I also understand that she's perplexed by the question about why people hate Hillary Clinton so passionately. She finds it hard to believe the hatred all boils down to abortion. And so she's predisposed to think that there must be some other — some reasonable and credible basis — for the hatred. Hence her interest in the possibility that Hillary Clinton is part of an international Muslim conspiracy to destroy the Christian West. 

And so I'm very interested in the testimony of Annika's aunt — Hillary wants to kill babies — which was echoed in precisely the same words by my cousin's friend who grew up in a large Catholic family in Arkansas, most of whose siblings are voting for Trump. Annika, I hope you won't think that in responding to your testimony, I'm in any way trying to attack your aunt personally. I really want to think through what's going on with this charge that Hillary Clinton wants to kill babies.
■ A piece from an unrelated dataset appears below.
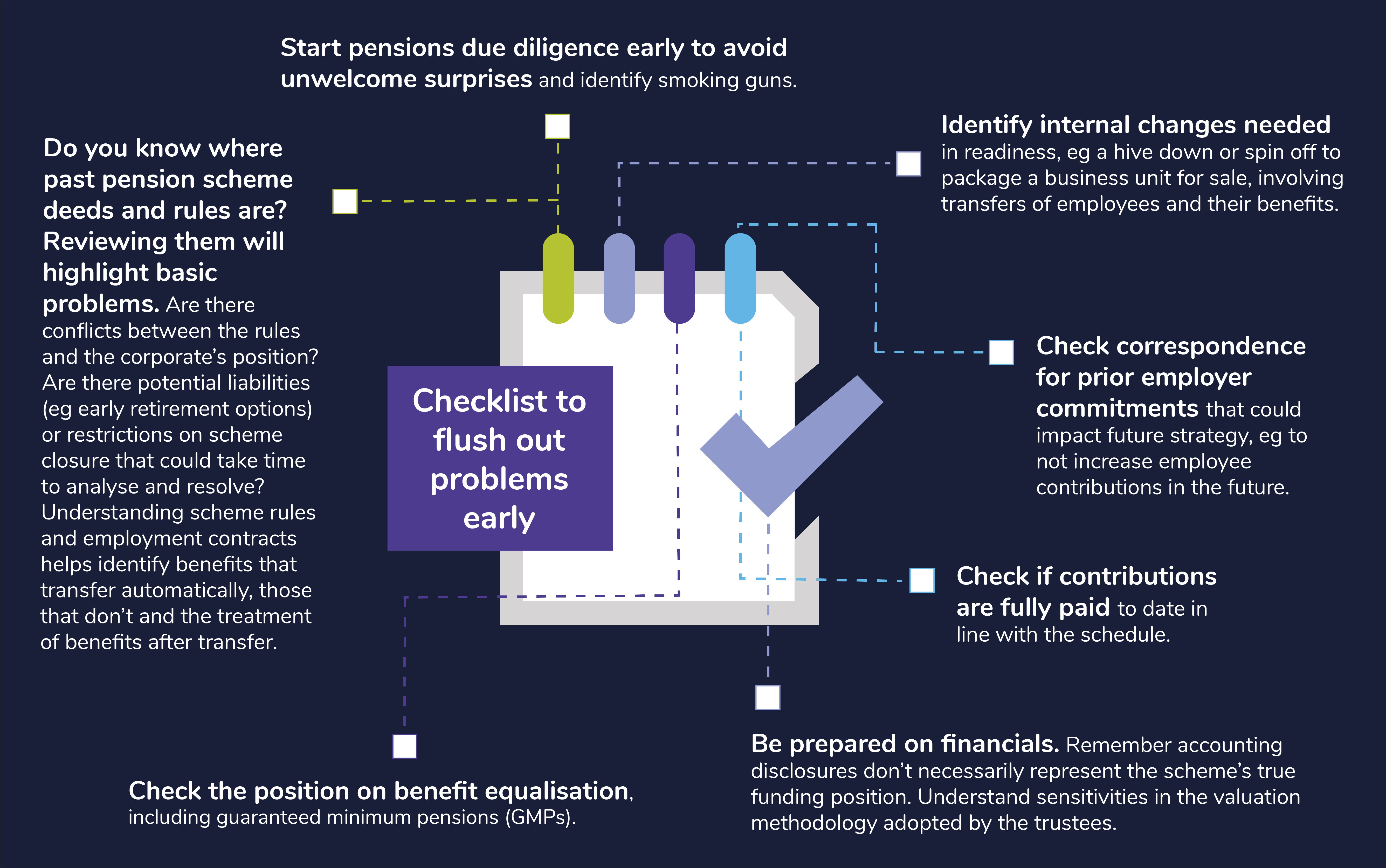 Multiple moving parts and competing interests are a feature of M&A activity, but all the more so when a pension is involved. By engaging early, the scheme’s trustees will be in a better position to understand what’s driving the transaction, ensure the interests of scheme members are appropriately protected and support the deal process.

My cousin's report that a woman he met recently told him she's voting for Trump solely because Trump is pro-life and Hillary Clinton is not (so this person thinks) and the question my Benedictine acquaintance in England is asking — Can it truly all boil down to the abortion issue, this loathing of Hillary Clinton? — lead me to conclude that there actually is more to the hatred of Hillary Clinton among people who claim she wants to kill babies, than that glib phrase reveals.

The phrase itself tells us that these are people who have demonized Hillary Clinton, since when has she ever proclaimed that she wishes to kill babies? Demonize: to associate a person or group of people with the demonic, with Satan; to turn a person or group of people into Satanic agents. "Hillary wants to kill babies" is shorthand for "Hillary is Satanic" or "Hillary is in league with the devil."
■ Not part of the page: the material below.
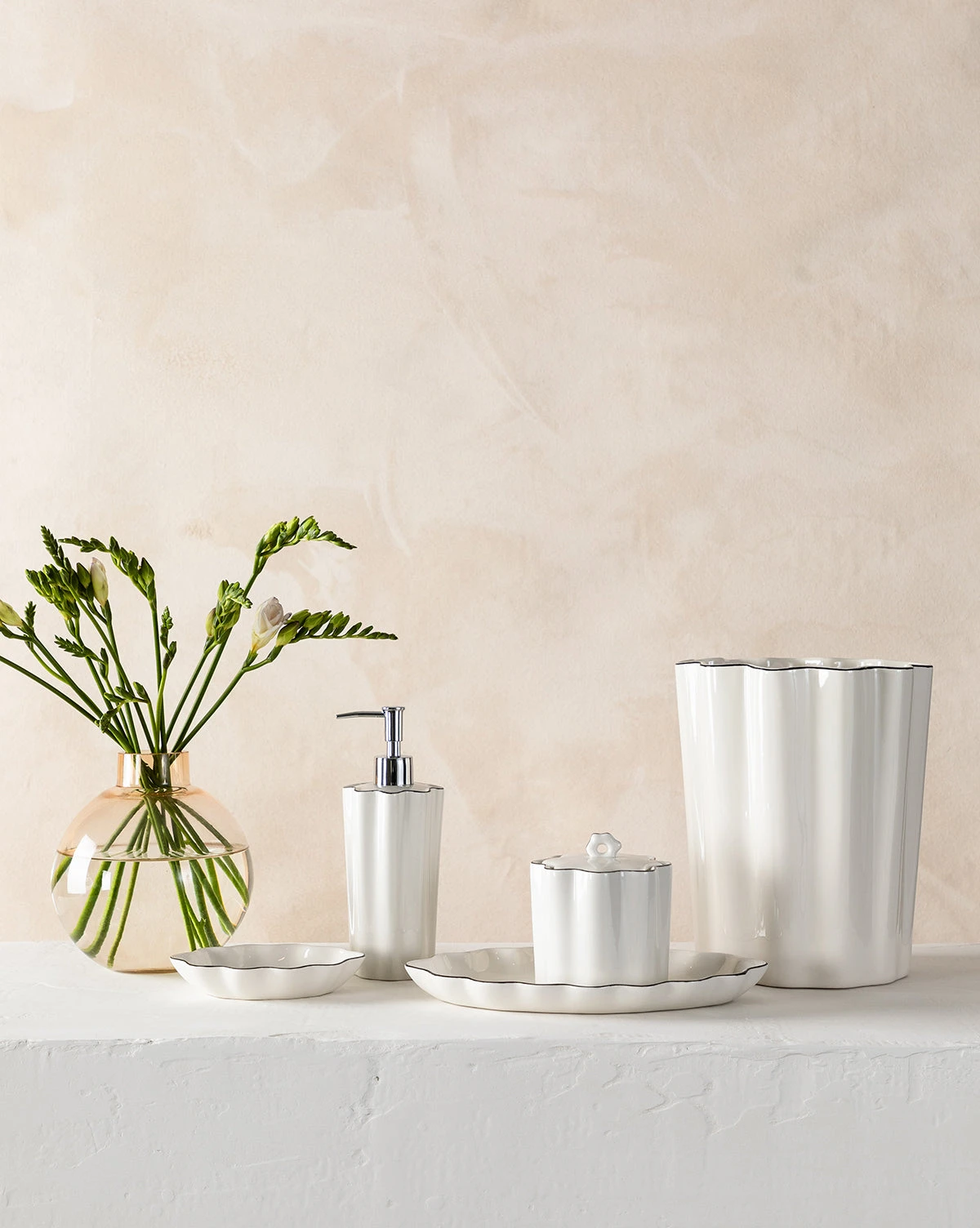 Made from porcelain, the Bryer Waste Bin has a charming and whimsical design. With the dark border on its scalloped edges, this waste bin brings refinement and elevated detail to your bathroom decor.

There's a worldview lying behind these charges that is bigger than abortion itself. It's quite specifically a white ethno-nationalist worldview that reflects fear and loathing of many Others who seem to have taken over what those mounting these charges are confident is "their" white Christian nation. This is a worldview that is intently patriarchal and completely willing to turn a woman seeking power that the patriarchal worldview refuses to accord her into a witch, a demon, someone who revels in killing babies. Those promoting this white ethno-nationalist worldview full of fear and loathing of many targeted Others are predictably racist, xenophobic, misogynistic, and homophobic.

So, yes to my Benedictine acquaintance in England: it's about more than abortion. It's about how the so-called "pro-life" movement in the U.S. has become a corrosive, anti-life political force in the U.S. that itself deserves the tag demonic, because it has become a vehicle for hateful, socially destructive -isms that are now threatening to rend the social fabric of America — to tear up the social fabric of the nation because a solid core of conservative white Christians do not intend to relinquish their fantasy of some "right" God has given them to control the nation, even as that core of conservative white Christians becomes a minority in an increasingly diverse electorate.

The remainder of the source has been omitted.